Perintah pertama lebih menekankan hubungan kepada Allah, sedangkan yang
kedua lebih menekankan hubungan kepada sesama manusia. Akan tetapi,
tidak berarti kedua perintah tersebut hanya memiliki satu bentuk
hubungan. Shalat tidak berarti jika hasilnya hanya akan melepaskan
kewajiban kepada Allah. Shalat itu dianggap berarti jika dapat
berpengaruh di dalam pergaulan kepada sesama manusia. Ini juga dapat
berarti bahwa shalat memiliki dimensi sosial. Seseorang yang melakukan
kedzaliman begitu pula mereka yang tidak peduli kepada orang-orang yang
ada disekitar mereka dapat disebutkan bahwa nilai-nilai shalatnya belum
teraktualisasi di dalam kehidupan mereka.
Apa
yang digambarkan diatas tampaknya menunjukkan bahwa dzikir di dalam
shalat yang merupakan inti kekhusyukan sangat susah untuk dilakukan.

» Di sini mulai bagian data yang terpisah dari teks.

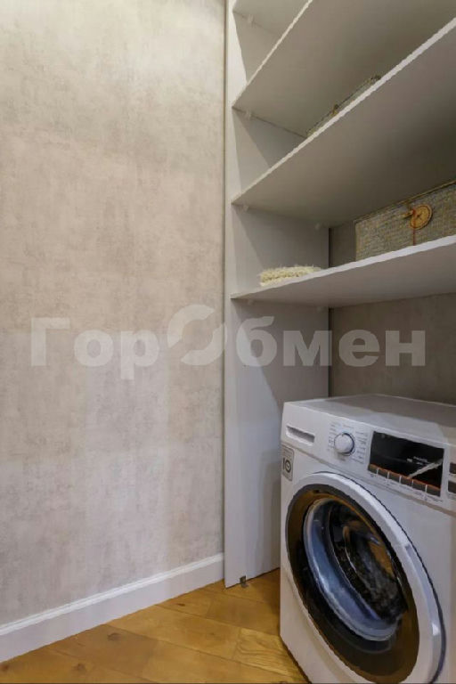 * Кладовка/постирочная со стиральной машиной с сушкой и стеллажами.
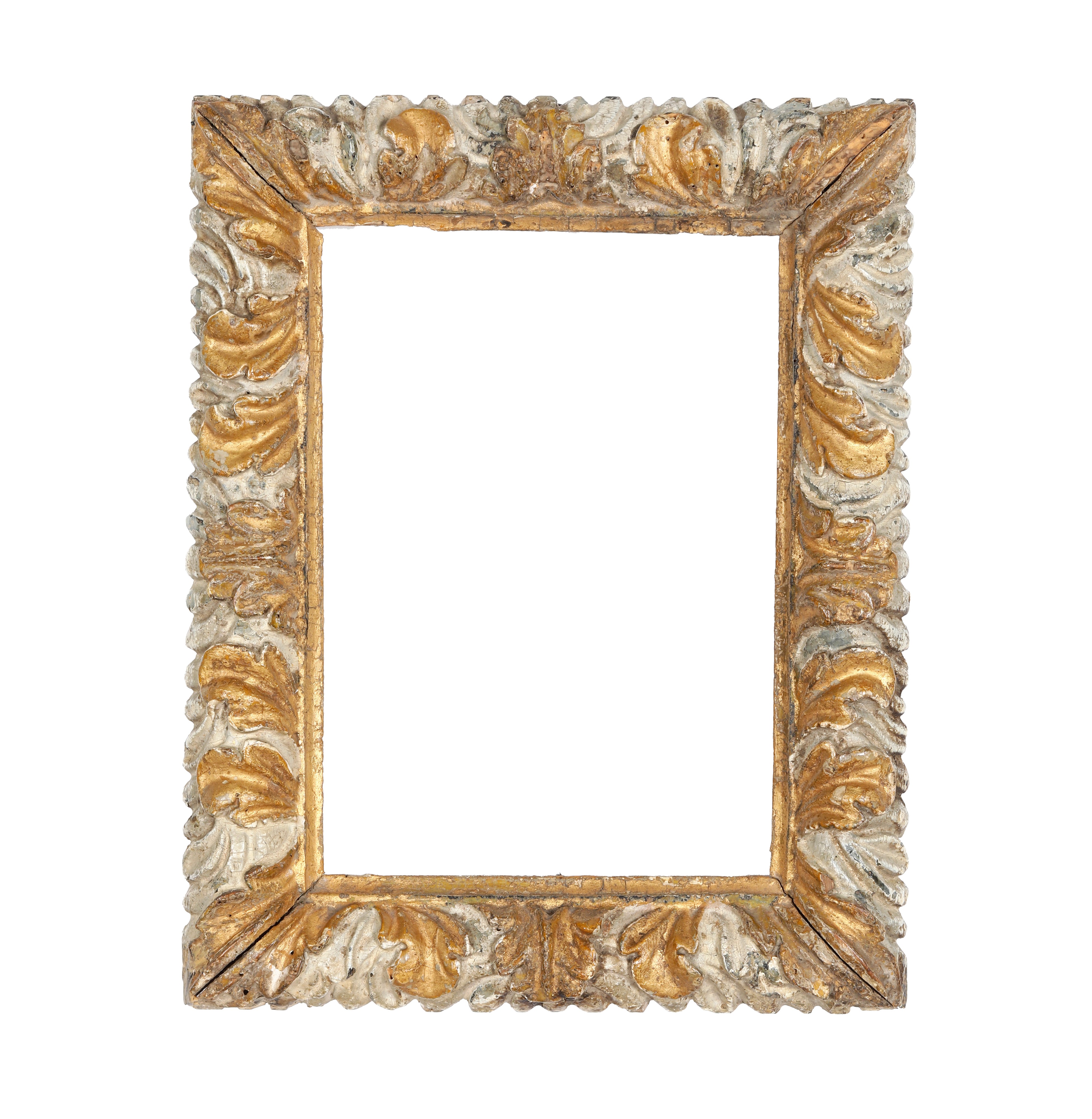 Coppia di conici in legno intagliato, dipinto e dorato. Italia (?) XVII secolo

Tetapi hal itu tidak berarti tidak bisa dilakukan. Olehnya itu, menurut
CeramahPidato.Com, untuk mendapatkan kekhusyukan di dalam shalat, salah
satu cara yang harus ditempuh adalah dengan membiasakan diri
melaksanakannya. Mungkin pada awalnya masih susah untuk khusyuk, tetapi
jika dilakukan secara berkelanjutan maka dengan sendirinya akan muncul.

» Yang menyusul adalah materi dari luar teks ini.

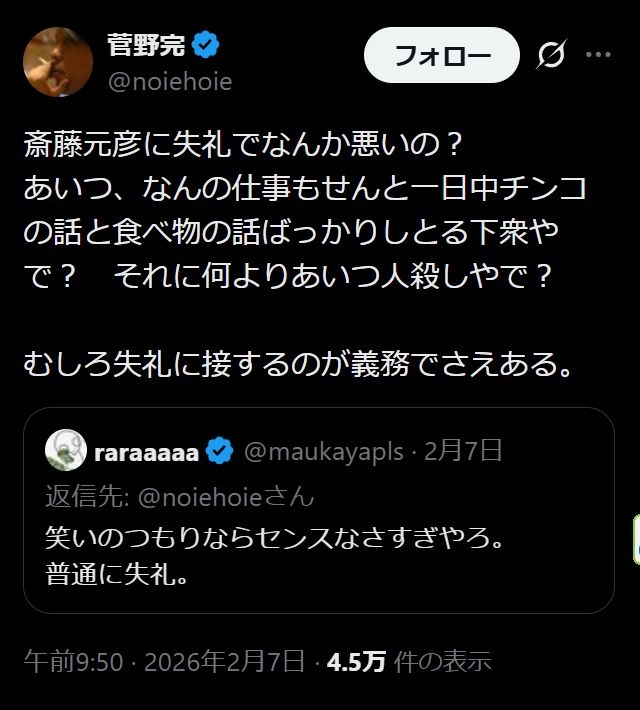 斉藤元彦は人間じゃない、人間のクズでもない。邪悪が服着た畜生
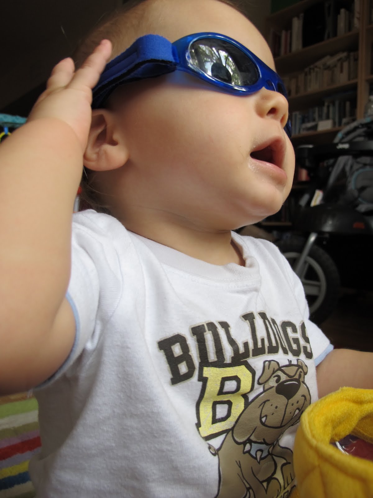 People, this is serious. A week from today will be my very first birthday! I know mom and dad a planning a little fete in my honor. They haven't said anything to me about it specifically, but it is hard not to notice all the scraps of colored craft paper flying around the house these days. I'll still look surprised of course, but now I have some time to plan my outfit. I was testing these sunnies out the other day.
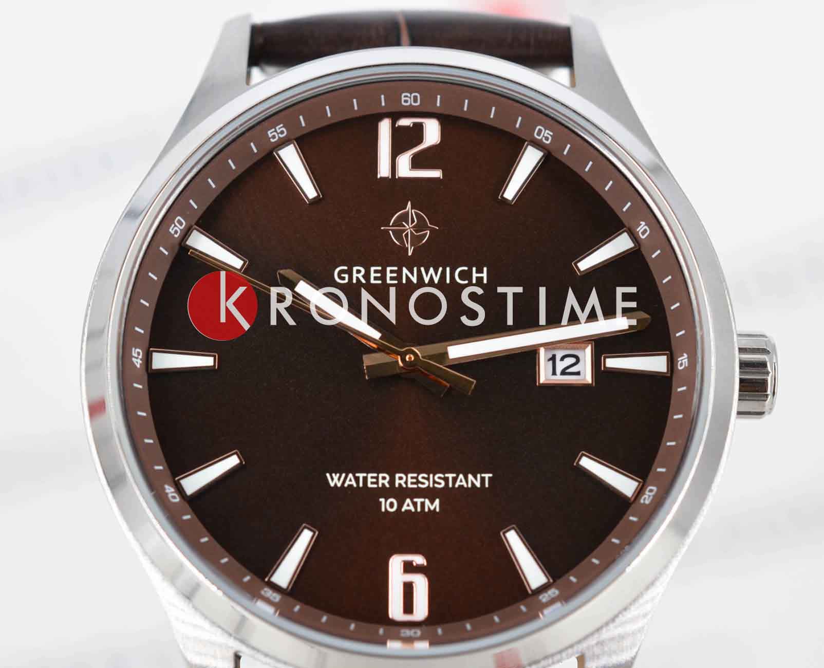 Мужские часы Greenwich Octopus GW 051.12.30, кварцевый механизм с высокой точностью. Минеральное стеклоМинеральное стеклоМинеральное стекло представляет собой искусственно выращенный минерал кварца. Такое стекло отличается особой устойчивостью к повреждениям и царапинам. Уступает по некоторым качествам сапфировому стеклу. устойчивое к появлению царапин, обладающее высокой прозрачностью. Корпус изготовлен из нержавеющей стали. Окошко даты находится в положении 3 часа. Стрелки с люминесцентным покрытиемЛюминесцентное покрытиеПозволяет считывать показания времени в темноте. Производители наносят на стрелки, часовые индексы, безель или поверхность циферблата светонакопительный состав, дающий холодное свечение.. Класс водозащиты: 100 метров, позволит плавать, нырять и заниматься другими водными видами спорта. Кожаный ремешок на стандартной застежке.
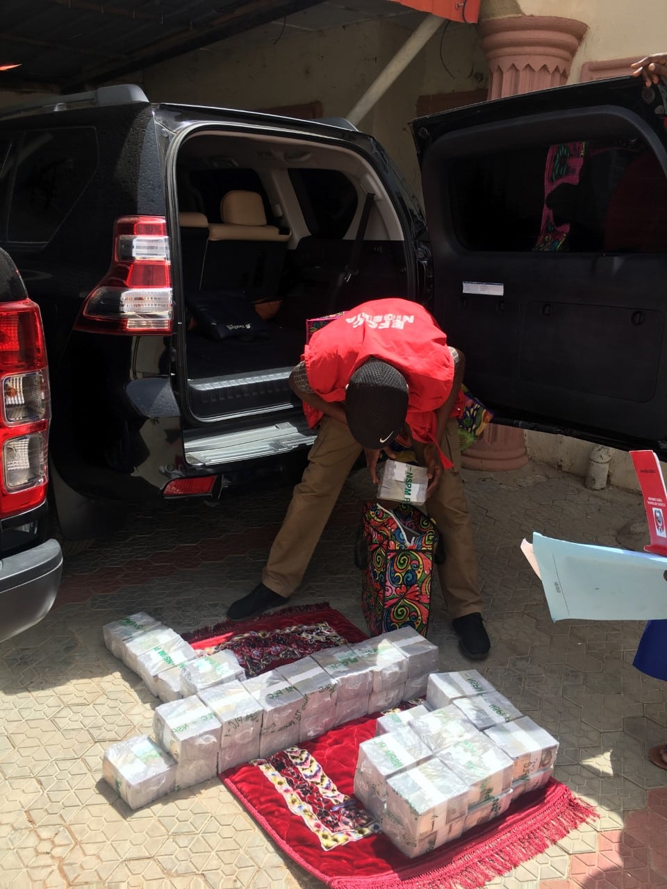 Items recovered from him at the point of arrest include one Black Toyota Land Cruiser Prado SUV with registration number DKA 67 PX Kaduna loaded with four bags of Ghana Must go containing One Thousand Naira Note of Fifteen Million Naira each, totalling to Sixty Million Naira; One single barrel gun; One locally made Revolve Pistol, 25 rounds of cartridges and 12 rounds of 12.9mm live ammunition.

Inilah mungkin salah satu rahasia mengapa Rasullullah SAW menganjurkan
kepada orang tua untuk mengajarkan shalat kepada anak-anaknya sejak
dini.
Yang
jelas bahwa kita shalat harus dikerjakan sebagai washillah kepada Allah
SWT apabila washillah tersebut terputus maka hubungan kepada Allah
menjadi terputus. Apabila hal tersebut terjadi maka sangat memungkinkan
hubungan sosial kepada sesama manusia juga terputus karena orang seperti
ini tidak mendapat hidayah dari Allah SWT. Untuk mendapatkan hidayah
darinya, jalan yang paling ampuh adalah melalui media shalat, karena
didalamnya diajarkan bagaimana memaksimalkan ingatan kepada-Nya. Dan
selanjutnya orang yang banyak mengingat Allah tentu dengan sendirinya
selalu terhindar dari perbuatan yang fakhsya’ dan mungkar, baik kepada
Allah juga kepada sesama manusia, bahkan kepada mahluk Allah yang lain.